Я насторожился. Это было похоже на правду. Мне теперь хотелось узнать, от кого он это узнал. Оказалось, что это был молодой индус, Аман, который приехал из Германии. Он был племянник какого-то богатого бабуджи в Германии. Аман женился на немке и теперь полгода ждал, когда ему разрешат въехать в Германию легально. У его дяди были связи с голландцами. Все это же подтвердил один молодой афганец, который очень долго прожил в Голландии и вполне лихо выкрикивал нидерландские словечки и даже фразы. Молодой афганец говорил на чистом русском и выглядел как русский. Но он был афганец. Это подтвердили афганцы, которые однажды усомнились в его пуштунском происхождении; они приперли его в туалете к стенке и допросили. Они сказали, что он очень хорошо отвечал им на двух самых распространенных языках в Афганистане. Пацан им сказал, что его отец афганец, а мать русская, отсюда русский язык и внешность такая. Сейчас они жили в Голландии. Что он делал в Дании, было не совсем понятно, но он сказал, что это его дело, что он делает в Дании; об этом его не стали расспрашивать. Тем более, что он дружил с одним рыжим грузином по имени Давид, который много курил гашиш и был чемпионом Грузии по кикбоксингу. Это был очень высокий и невообразимо вспыльчивый грузин, покрытый свирепой щетиной на всем лице, он был жутко рябой, глаза у него были такие маслянисто-кровавые, метали молнии и все вспыхивало, на что бы он ни посмотрел. Давид как раз вошел в момент того допроса в туалет, и допрос моментально перешел в переговоры. Несмотря на то что афганцев было шестеро, они спасовали и ретировались.
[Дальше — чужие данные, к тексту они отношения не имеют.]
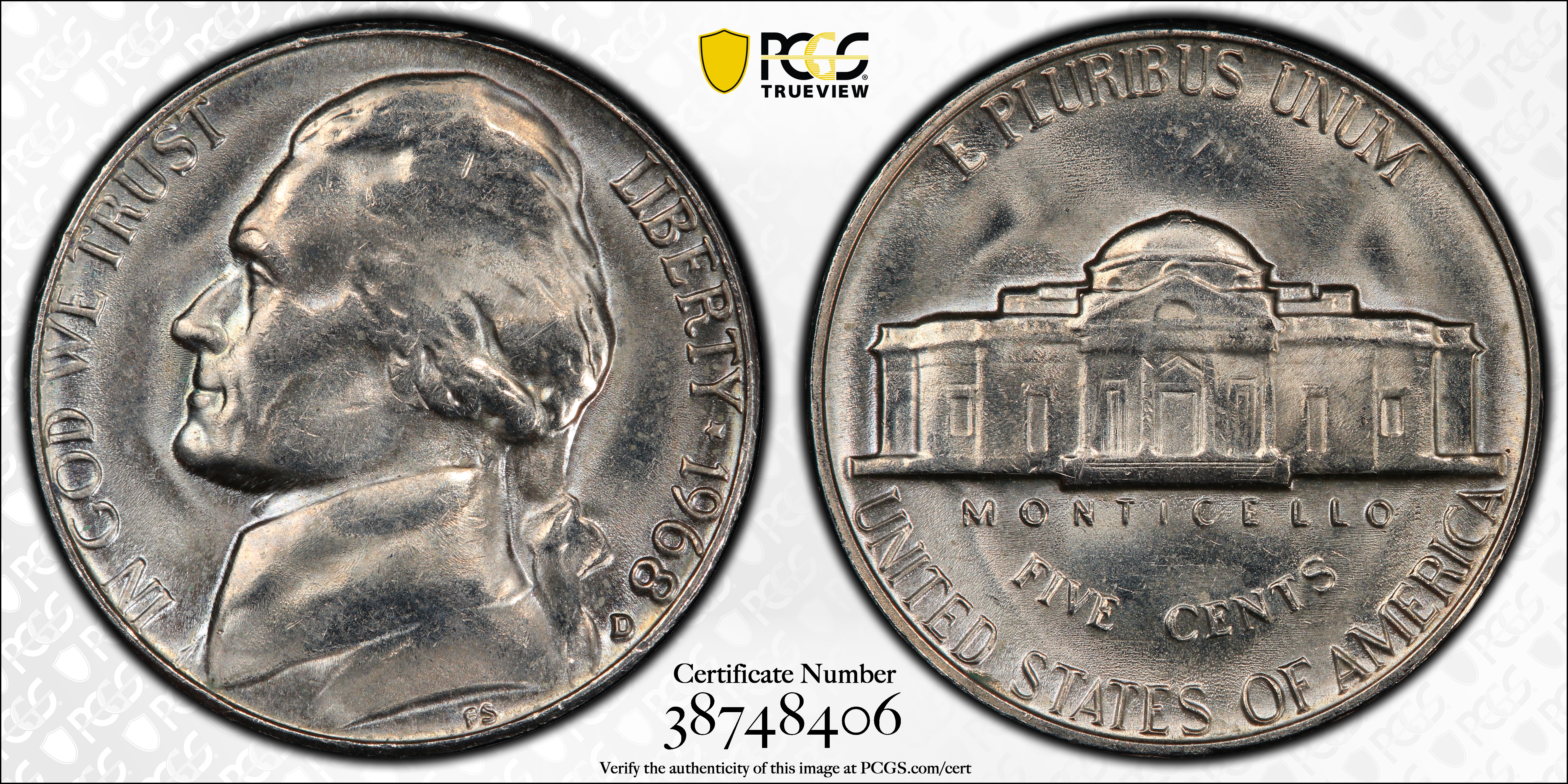 1968-D 5C MS66 Certification #38748406, PCGS #4080
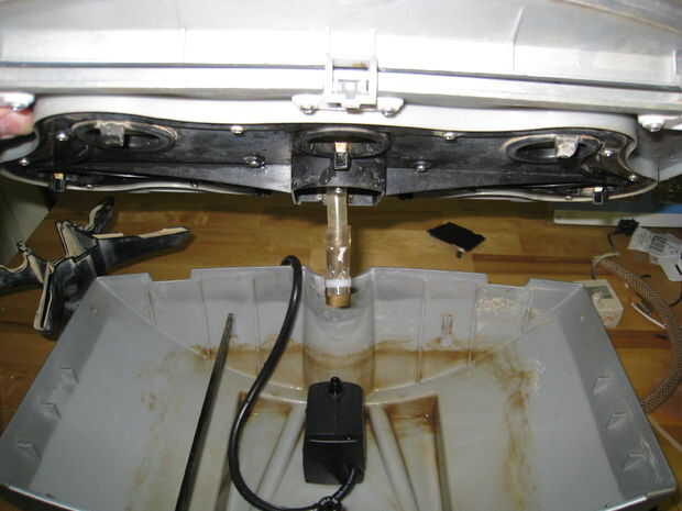 Esta parte no estaba tan emocionada con mis soluciones, pero hasta ahora está funcionando. La bomba en almacén encaja perfectamente dentro de la vivienda que fue quitada para acomodar la nueva bomba. La entrada de agua hasta el punto de distribución es una breve entrada cónica que parece sostener una manguera presionada contra él por fricción justa, aunque no todo lo que está bien. Colocando la bomba derecho bajo neath y cortar la pieza extra de manguera fue capaz de obtener el peso de la campana para mantener presión sobre cuando está cerrado. La bomba tiene tazas de la succión, por lo que ayuda a mantener en su lugar durante la colocación y le permite deslizarse.
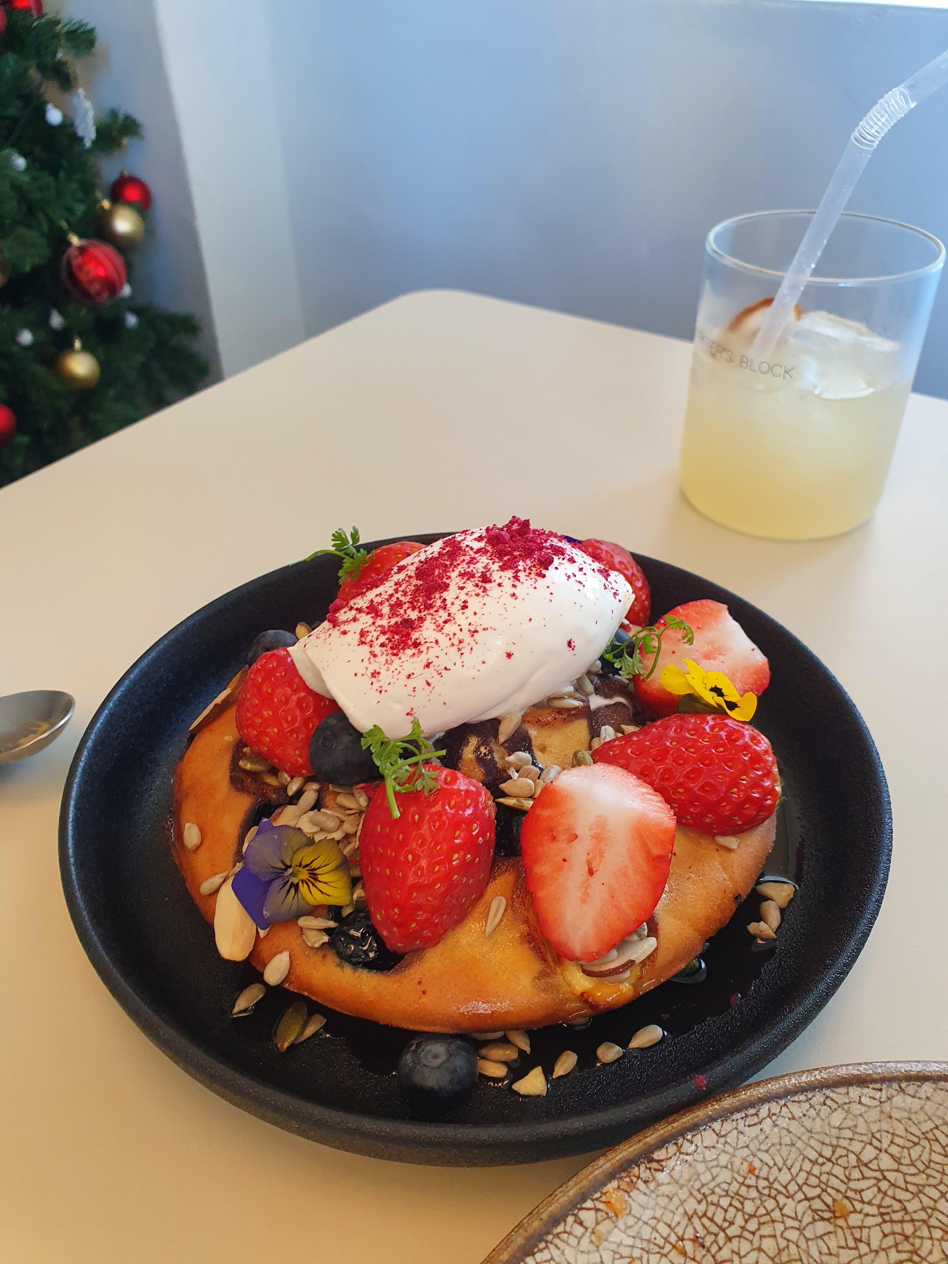 퍽퍽하지 않고 촉촉하고 부드러운 팬케이크였다.

Давид тоже подтверждал все, что говорил Аман. Более того, Давид сам собирался ехать в Голландию, семья русских ассирийцев и еще кто-то где-то уже был готов выложить необходимые суммы денег. Набиралась компания. В грузовиках со шлюхами могло не хватить места. Я спросил:

– Почему в грузовиках, если везут легально?